Wednesday, February 11, 2015

Geneva Climate Conference Warming Up?

A flash mob appeared in front of the Hall of Nations in Geneva today, where delegates from some 200 countries are laboring frantically to sustain the momentum of the process that leads to Paris. Demonstrators urged attendees on with their work, but it isn't clear the delegates needed any prodding. Their task is immense, but clearly defined--and perhaps unprecedented in human experience: they need to bring together an enormously complicated consensus on the framework of the agreement they hope to reach 10 months from now in Paris.

How complicated? David Waskow of the International Climate  Initiative has identified three of the more complicated dimensions of that agreement:

1) The enormous range of particular solutions, innovations, sustainable projects and technologies that will reduce greenhouse emissions and head off global warming need to be identified and evaluated, country by country. This has caused the more generic draft document created in Lima in December to triple in size, from some 30 pages to nearly 100, as each particular nation introduces its own approach. Somehow the aggregate effect of these many policies will have to be tallied next fall in order to see where the proposals stand in relation to the overall global goal.

2) Some system for tracking implementation going forward needs to be agreed upon, so that after Paris the world's governments can in effect keep an eye on each other and exert the 'peer pressure' that may be the main mechanism for compliance. Bold promises in Paris without meaningful follow-up will not be very useful, so the actual structure of that follow-through is essential--but as yet indeterminate.

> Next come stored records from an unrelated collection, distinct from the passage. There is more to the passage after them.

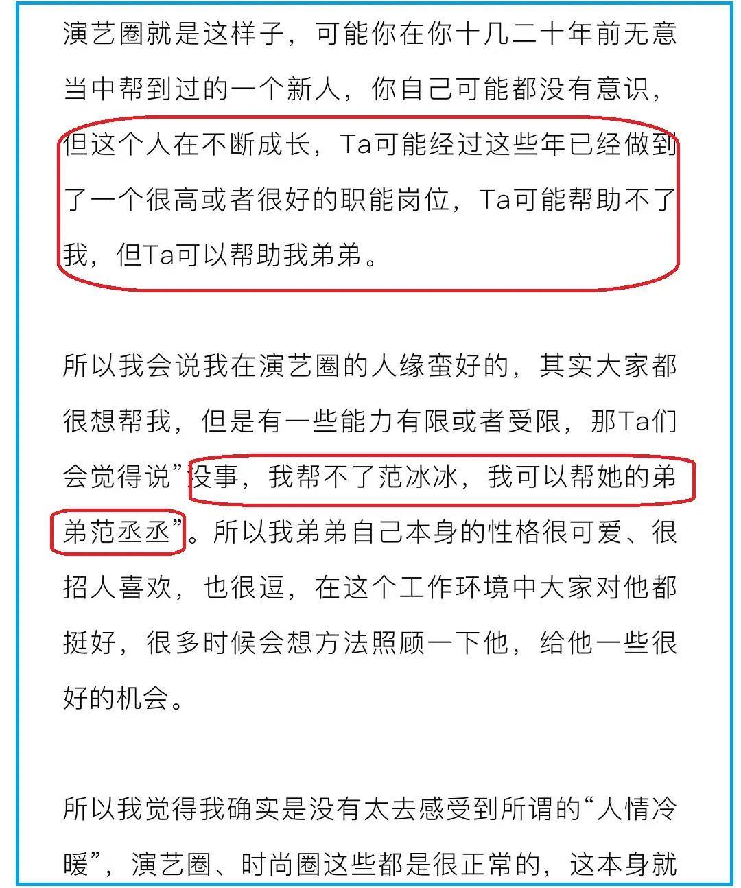今年三月份,范冰冰接受采访时,就毫不忌讳地透露:昔日自己帮助过的人,后来到了很高职位,知恩图报,“帮不了我,但Ta可以帮助我弟弟”。
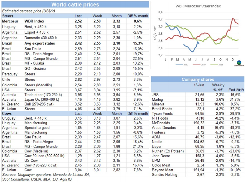 屠宰旺季和歐洲481配額的生產(chǎn)已經(jīng)過去,上周二,Marfrig停止了圣何塞的Inaler廠的屠宰活動。知情人士透露,由于牛只供應緊缺,而且中國市場正在對到港的所有集裝箱進行新冠病毒檢測,Marfrig集團正在研究關(guān)閉北部地區(qū)的工廠:Tacuarembo和Cledinor。Marfrig通常會在育成牛供應較少的冬季間歇關(guān)閉工廠,給員工放假。
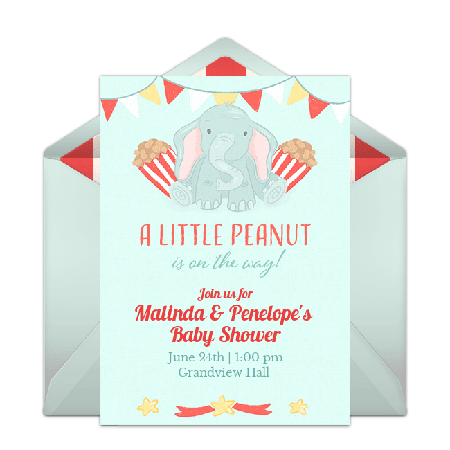 A carnival summer baby shower theme is definitely festive and fun! First, send carnival baby shower invitations featuring a cute elephant, peanuts, and bunting. Next, decorate with primary colors, create bouquets of balloons to scatter throughout the venue, and set up a photo booth with lots of fun carnival-themed props for guests to pose with. Hang bright streamers, paper lanterns and red-and-white beach balls all over the venue. Serve peanuts, popcorn, soft pretzels, and old-fashioned soda-pop in glass bottles. Make a candy bar using all of the mom-to-be's favorites and let guests take home little bags as favors. carnival-baby-shower-invitations.png269.31 KB

3) Finally, and perhaps most sensitive, there remains the question of what Waskow calls "legal architecture," i.e. the structure of the agreements and enforcement mechanisms that nations will formally agree to. Whether legally binding treaties are even conceivable seems doubtful: most observers seem to think that voluntary compliance and self-monitoring--combined with some system of accountability and 'peer pressure' that may be obtainable--is the best that will emerge from Paris.

When one considers the resistances among the three largest polluters--India, which has declared that its anti-poverty growth measures trump any climate policies, China, whose rate of pollution increase and coal-driven economy pose staggeringly large problems, and the US, whose policies must to some degree pass through the Senate committee chaired by Senator Imhofe, possibly the world's most idiotic spokesperson on these issues--the magnitude of the challenge becomes clearer.

Nonetheless, the specter of the world's family of nations, gathered in Lima, now Geneva, next Bonn, then Paris, struggling to resolve these vast differences on behalf of our children's children and the survival of our species--it's a mighty spectacle. A flash mob of millions, not hundreds, would have been more in scale.